Ce jour, The Register a indiqué qu’un mémo interne à Google informait les employés de l’entreprise que certains mots étaient désormais interdits. De fait, le mot « Fuck » est désormais banni, mais également d’autres mots faisant directement référence aux actes sexuels. Évidemment, ces mots ne sont pas interdits à l’oral, puisqu’il serait impossible (et illogique) de vouloir contrôler leur utilisation. Néanmoins, ils sont désormais bannis de tous les documents et les URLs de la compagnie américaine. Si de tels termes sont présents à l’écrit, ils seront automatiquement filtrés afin qu’ils ne puissent pas être vu par le reste de l’équipe.

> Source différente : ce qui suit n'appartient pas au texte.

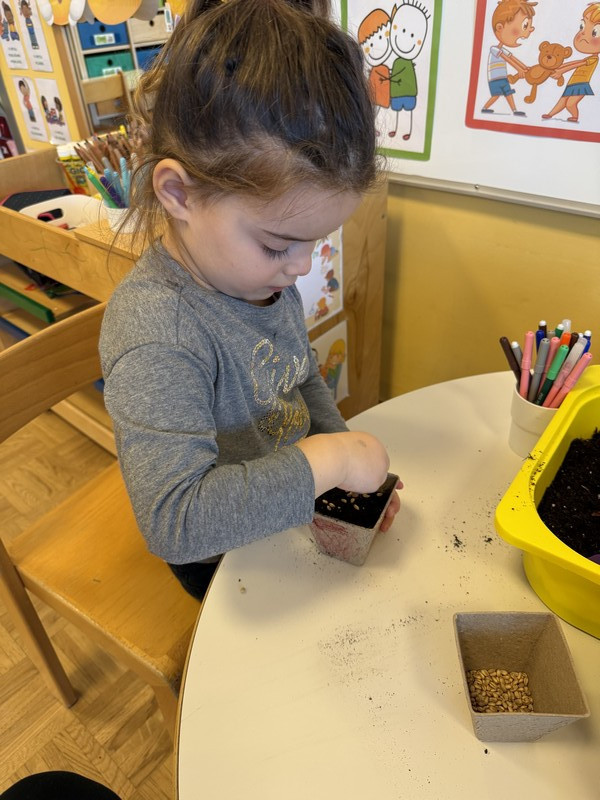 V okviru projekta Raček so otroci skozi izkustveno učenje raziskovali, kako iz majhnega semena zraste zelena rastlina. Dejavnost se je začela z obiskom škrata, ki je prinesel semena božičnega žita. Otroci so jih opazovali, tipali in ob pogovoru razmišljali o tem, kaj rastlina potrebuje za rast. Lončke so nato ustvarjalno okrasili ter jih pripravili za sajenje. Po dogovorjenem zaporedju so posejali žito – dodali zemljo, posejali semena, zalili in lončke postavili na svetlo mesto. Pri tem so razvijali natančnost, samostojnost in razumevanje pomena pravilnega zaporedja korakov.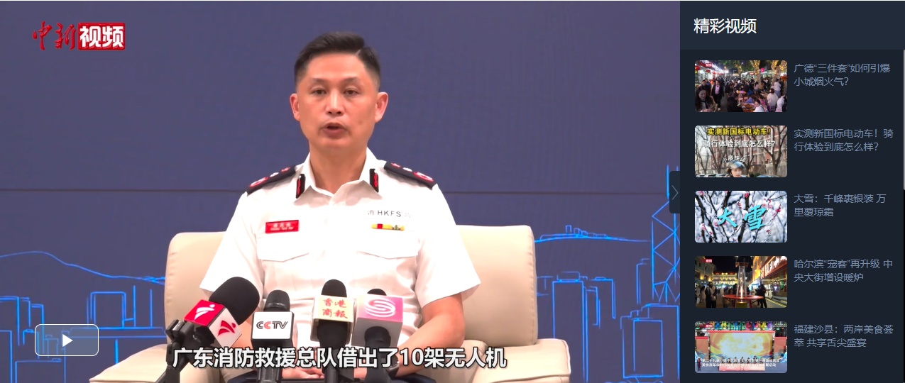12月6日,香港特区政府消防处处长杨恩健接受记者采访时表示,在香港大埔宏福苑火灾救援中,广东消防救援总队借出的10架无人机,显着提升了无人机在火场监测和搜救的效率。这些无人机借助热成像技术,可精准定位楼宇火势严重区域,为消防部门制定灭火策略提供关键依据。在其中一起救援中,无人机成功监测到天台两名待救人士,助力消防人员快速将其安全转移至地面。

Google veut mettre en avant une culture d’entreprise positive

Si Google prend une telle décision, c’est pour que ses collaborateurs communiquent entre eux avec respect, une caractéristique qui pourrait contribuer à créer une bonne ambiance sur le lieu de travail. De plus, plusieurs entreprises issues du secteur technologique sont accusées de favoriser une culture d’entreprise défavorable aux salariés, voire nocive. Linus Torvalds est l’exemple de ce type de situation, puisqu’il est réputé pour ses coups de sang et ses mauvaises habitudes lorsqu’il s’agit de communication. À tel point que l’informaticien a décidé de s’éloigner du développement durant quelques mois afin de prendre du recul sur son attitude. Au final, il a pris environ un mois pour espérer régler ses problèmes de comportements.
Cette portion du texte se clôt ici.